Leave the images aside and repeat the whole listing exactly.

_Dataset content_
--

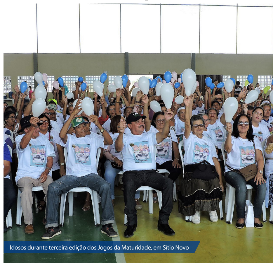
Idosos durante terceira edição dos Jogos da Maturidade, em Sítio Novo

A programação dos Jogos da Maturidade em Sítio Novo começou com o café da manhã servido no ginásio municipal de Serra da Tapuia, depois teve a abertura oficial com apresentação de teatro e música. Em seguida, todos partiram para a visita ao Castelo Zé dos Montes, na volta iniciou o campeonato de dominó, sueca e dama. Depois do almoço foi realizado o bingo e o concurso da mais bela voz e a tradicional disputa de dança.
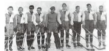
Kuriozita z Nelahozevsí, hokej na zamrzlé Vltavě bez mantinelů, dřevěné branky.
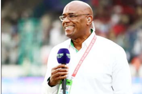
के नियंत्रण की बात करते हैं और साथ ही शरीर के नियंत्रण की भी। जब आप मैदान पर स्लाइड करने के बाद खड़े होने की कोशिश कर रहे हैं तो क्या वे ए मान रहे हैं कि उंगलियां गेंद के नीचे थीं। उन्होंने कहा कि क्योंकि हाथ का पिछला हिस्सा ऊपर की ओर था जिसका मतलब है कि गेंद मैदान की ओर थी। अब मेरे लिए संदेह की बात गेंद और जमीन को लेकर है क्योंकि जब तक आप स्लाइड करना नहीं रोक लेते हैं और जानस खड़े हो जाते हैं तब आपका शरीर

अहमदाबाद, वार्ता। पूर्व क्रिकेटर और कमेंटेटर इयान बिशप का मानना है कि गुजरात टाइटंस (जीटी) और रॉयल चैलेंजर्स बंगलुरु (आरसीबी) के बीच गुरुवार की रात खेले गए मैच में जेसन होल्डर द्वारा रजत पाटीदार का पकड़ा गया कैच पूरी तरह वैध नहीं था। इयान बिशप ने क्रिकइंफो के स्टूडियो में अभिनव मुकुंद के साथ होल्डर के कैच पर चर्चा के दौरान यह बात कही। उन्होंने कहा कि इस बारे में मेरी बहस इस चीज पर होगी: जेसन होल्डर ने पहले गेंद को पकड़ा जिसमें कोई समस्या नहीं थी। फिर शुरुआत में जब उनका हाथ स्लाइड कर रहा था तो उस पर विश्वास घटाना दिया जाना चाहिए था। इसके बाद हाथ
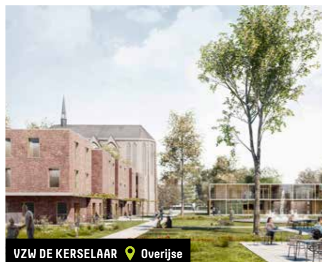
VZW DE KERSELAAR 📍 Overijse

Subsidie verkregen voor de nieuwbouw van wooninfrastructuur voor 12 volwassen personen met een matig tot ernstig verstandelijke handicap
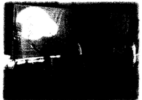
透明のプラスチック板にマジックで絵を描き、懐中電灯で照らしスクリーンに映し出しながら物語を進めていく。
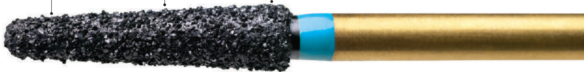
プレデタージルコニア Z856-018M
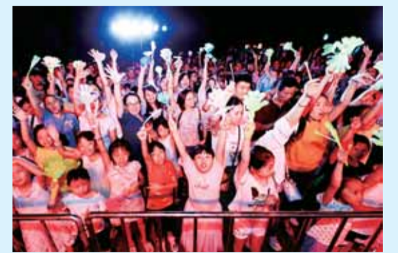
现场观众齐声同唱《我爱你中国》
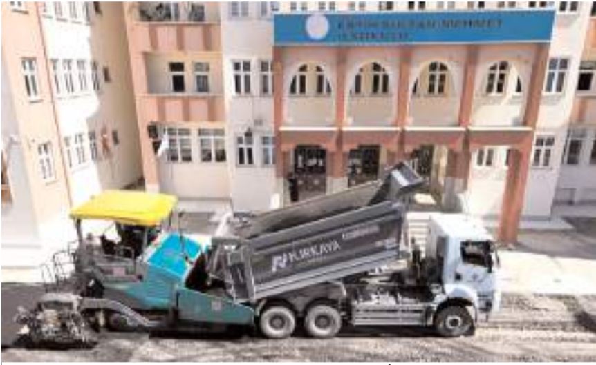
Belediye ekipleri Fatih Sultan Mehmet İlkokulu bahçesinde 3 bin metrekare alana 950 ton asfalt serdi.

--

_Output for this task_
Idosos durante terceira edição dos Jogos da Maturidade, em Sítio Novo

A programação dos Jogos da Maturidade em Sítio Novo começou com o café da manhã servido no ginásio municipal de Serra da Tapuia, depois teve a abertura oficial com apresentação de teatro e música. Em seguida, todos partiram para a visita ao Castelo Zé dos Montes, na volta iniciou o campeonato de dominó, sueca e dama. Depois do almoço foi realizado o bingo e o concurso da mais bela voz e a tradicional disputa de dança.
Kuriozita z Nelahozevsí, hokej na zamrzlé Vltavě bez mantinelů, dřevěné branky.
के नियंत्रण की बात करते हैं और साथ ही शरीर के नियंत्रण की भी। जब आप मैदान पर स्लाइड करने के बाद खड़े होने की कोशिश कर रहे हैं तो क्या वे ए मान रहे हैं कि उंगलियां गेंद के नीचे थीं। उन्होंने कहा कि क्योंकि हाथ का पिछला हिस्सा ऊपर की ओर था जिसका मतलब है कि गेंद मैदान की ओर थी। अब मेरे लिए संदेह की बात गेंद और जमीन को लेकर है क्योंकि जब तक आप स्लाइड करना नहीं रोक लेते हैं और जानस खड़े हो जाते हैं तब आपका शरीर

अहमदाबाद, वार्ता। पूर्व क्रिकेटर और कमेंटेटर इयान बिशप का मानना है कि गुजरात टाइटंस (जीटी) और रॉयल चैलेंजर्स बंगलुरु (आरसीबी) के बीच गुरुवार की रात खेले गए मैच में जेसन होल्डर द्वारा रजत पाटीदार का पकड़ा गया कैच पूरी तरह वैध नहीं था। इयान बिशप ने क्रिकइंफो के स्टूडियो में अभिनव मुकुंद के साथ होल्डर के कैच पर चर्चा के दौरान यह बात कही। उन्होंने कहा कि इस बारे में मेरी बहस इस चीज पर होगी: जेसन होल्डर ने पहले गेंद को पकड़ा जिसमें कोई समस्या नहीं थी। फिर शुरुआत में जब उनका हाथ स्लाइड कर रहा था तो उस पर विश्वास घटाना दिया जाना चाहिए था। इसके बाद हाथ
VZW DE KERSELAAR 📍 Overijse

Subsidie verkregen voor de nieuwbouw van wooninfrastructuur voor 12 volwassen personen met een matig tot ernstig verstandelijke handicap
透明のプラスチック板にマジックで絵を描き、懐中電灯で照らしスクリーンに映し出しながら物語を進めていく。
プレデタージルコニア Z856-018M
现场观众齐声同唱《我爱你中国》
Belediye ekipleri Fatih Sultan Mehmet İlkokulu bahçesinde 3 bin metrekare alana 950 ton asfalt serdi.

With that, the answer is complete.